Всякий, кто когда-либо сталкивался с Егором Тимуровичем, подтвердит,
что это совершенно точная его характеристика. Но речь здесь не об
этом: вариант реформ, предложенный Гайдаром, Ельцин выбрал не потому,
что признал этот вариант лучшим, а по той причине, что ПОВЕРИЛ ЧЕЛОВЕКУ,
который его предложил.
Политик должен быть эффективным
- Конечно, Ельцин - талантливый политик, - продолжает наш разговор
Егор Гайдар. - А талантливый политик не может существовать, если
он не эффективен. То есть если он не умеет мобилизовывать общественную
поддержку. Особенно тогда, когда это критически важно. Поэтому,
естественно, он должен адресоваться к тому обществу, которое есть.

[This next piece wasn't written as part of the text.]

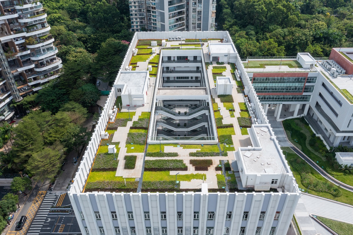 本项目位于深圳市福田区,景观绿化面积约3万平方米,作为深圳职业技术学院重要的校区改造项目,立意于“山、水、园、林”这一主旨,整体风格为“现代校园景观”。项目现状地形主要为山地,城市山海连廊借道校园,核心景观围绕山体逐层展开,让城市、山体和校园有机融合、生态共享。项目包括了户外景观,架空层景观,空中花园,屋顶花园等,用校园文化来定义空间权属,增加场地领属感,打造可持续发展的生态校园。一方面,充分利用周边优质的景观资源形成立体景观,构建良好的景观视线;另一方面,项目注重校园内的多重空间营造,运用场地坡度以及不同的高差空间带给师生丰富的竖向空间体验。
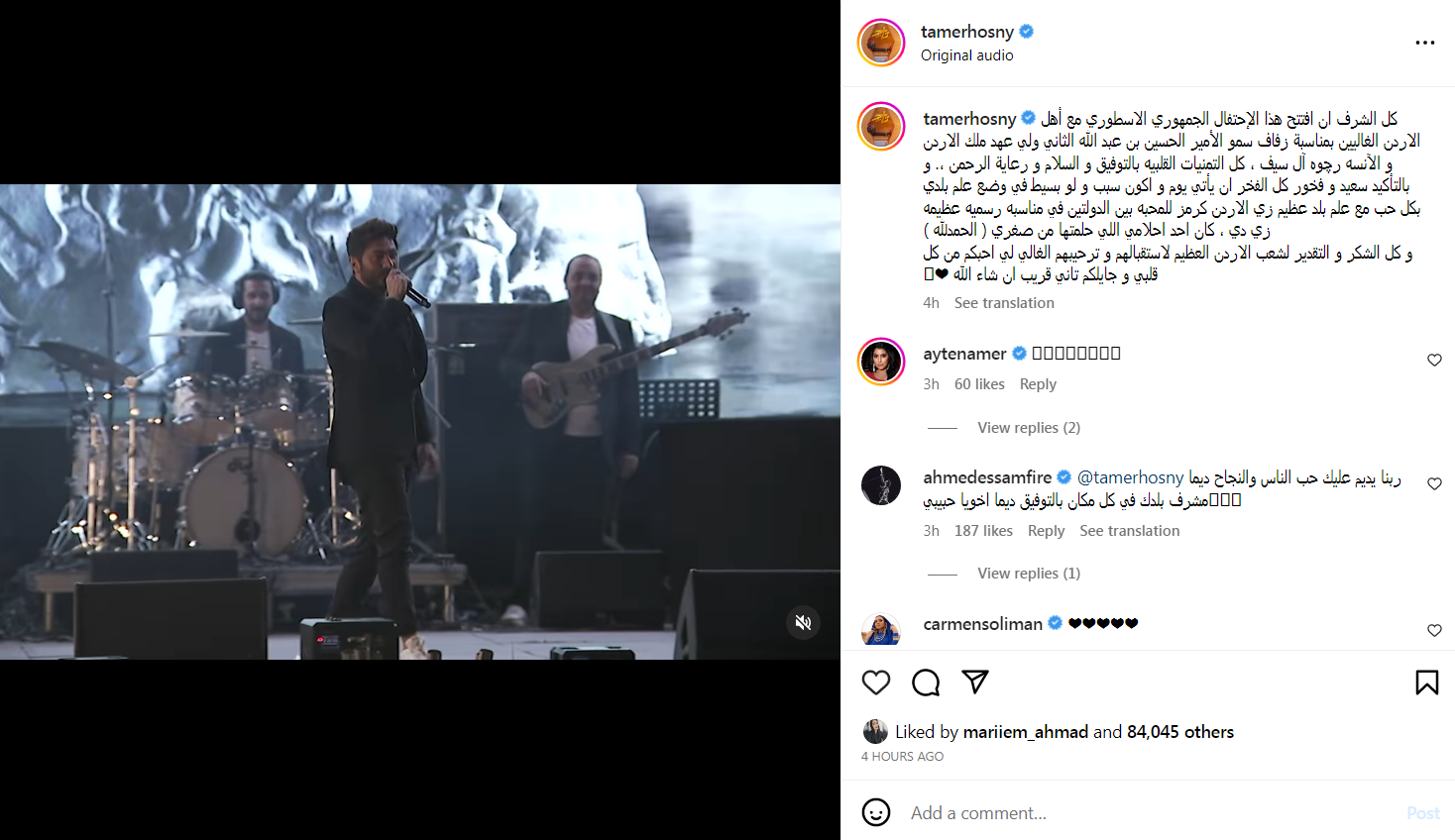 أشار تامر حسني على الفيديو معلقا:"كل الشرف أن افتتح هذا الإحتفال الجمهوري الاسطوري، مع أهل الاردن الغاليين، بمناسبة زفاف سمو الأمير الحسين بن عبدالله الثاني ولي عهد ملك الاردن، والآنسه رچوه آل سيف، كل التمنيات القلبيه بالتوفيق والسلام ورعاية الرحمن".

В кругу интеллектуалов мы можем бесконечно дискутировать о ключевых
стратегических вопросах развития ситуации в России. У меня есть
много знакомых и друзей, которые высказывают крайне интересное для
меня и вообще стратегически верное мнение по этим вопросам, но среди
них нет ни одного, кто был бы способен получить такую электоральную
поддержку, которую, допустим, получил Ельцин в Москве в 1989 году,
- 90 процентов.
Я возражаю моему собеседнику: 90 процентов Ельцин набрал тогда по
московскому территориальному округу на выборах народных депутатов;
ему противостоял гендиректор ЗИЛа Браков - фигура, поддерживаемая
официальными властями: то были первые многопартийные выборы, и,
естественно, избиратели с треском провалили кремлевского ставленника
Бракова, но это еще не говорит о 90-процентном рейтинге Ельцина.

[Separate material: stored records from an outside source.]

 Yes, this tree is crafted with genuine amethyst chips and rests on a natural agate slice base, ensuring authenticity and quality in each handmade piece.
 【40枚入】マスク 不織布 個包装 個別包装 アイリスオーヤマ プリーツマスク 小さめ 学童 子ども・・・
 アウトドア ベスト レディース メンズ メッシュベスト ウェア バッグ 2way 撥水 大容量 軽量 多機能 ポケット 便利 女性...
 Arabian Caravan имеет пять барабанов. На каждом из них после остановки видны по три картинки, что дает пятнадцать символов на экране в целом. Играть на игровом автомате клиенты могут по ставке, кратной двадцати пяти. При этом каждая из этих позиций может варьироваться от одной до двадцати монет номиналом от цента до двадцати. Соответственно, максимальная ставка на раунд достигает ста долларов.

В целом по России поддержка Бориса Николаевич была существенно меньше:
ее пик, который пришелся на президентские выборы 12 июня 1991 года,
составлял около 57 процентов (чуть раньше, по опросам, у него было
60 процентов).
- Те первые президентские выборы, - возражает мне Гайдар, - проходили
в условиях, когда государственный аппарат был не в руках Ельцина.
А в руках тех, кто делал все, что можно, чтобы его не избрали. Против
Ельцина работала вся государственная пропагандистская машина. Людям
рассказывали, какой он пьяница, что он делал во время визита в Вашингтон…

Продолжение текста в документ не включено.